A phonograph record accelerates from rest to 34.0 rpm in 5.53 s. (a) What is its angular acceleration in rad/s2? rad/s2 (b) How many revolutions does it go through in the process? rev
Solution) wo = 0 ( rest )
w = 34 rpm
1 revolution = 2(pi) radians
1 minute = 60 seconds
w = (34)(2(pi))/(60) rad/s
w = 3.56 rad/s
t = 5.53 s
(a) Angular acceleration = ?
w = wo + (angular acceleration)(t)
3.56 = 0 + (angular acceleration)(5.53)
Angular acceleration = (3.56)/(5.53)
Angular acceleration = 0.64 rad/s^2
(b) theeta = ? ( number of revolutions )
w^2 = wo^2 + 2(angular acceleration)(theeta)

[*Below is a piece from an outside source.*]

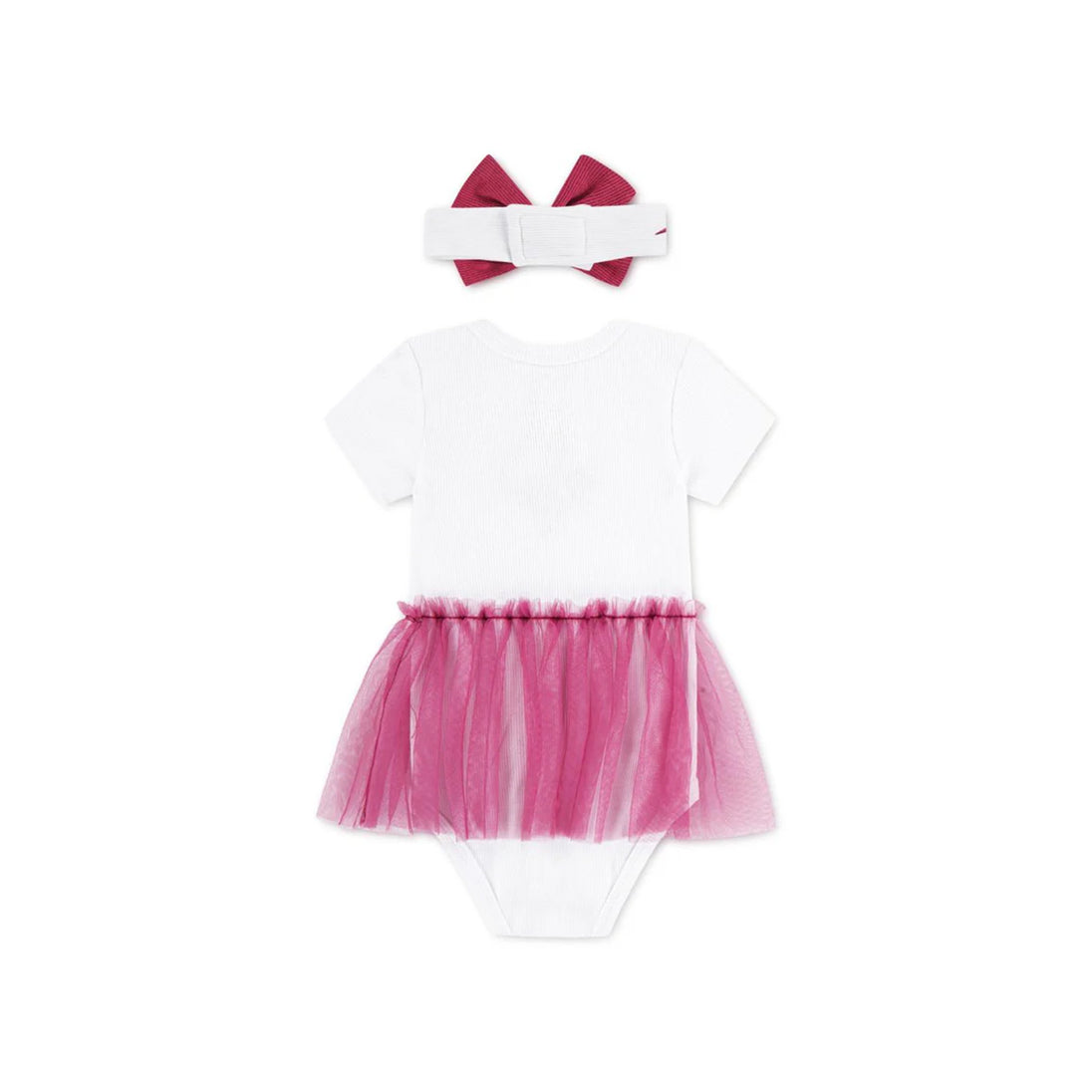 - A rib knit bodysuit featuring a playful contrast tutu skirt (tulle) and an embroidered script Swoosh logo, giving ballet vibes with a sporty twist.

(3.56^2) = 0 + 2(0.64)(theeta)
Theeta = (3.56^2)/(2×0.64) = 9.9 rad
Theeta = 9.9 rad
1 rev = 2(pi) rad
1 rad = 1/(2(pi)) rev
Theeta = (9.9)/(2(pi))
Theeta = 1.57 revolutions
A phonograph record accelerates from rest to 34.0 rpm in 5.53 s. (a) What is its...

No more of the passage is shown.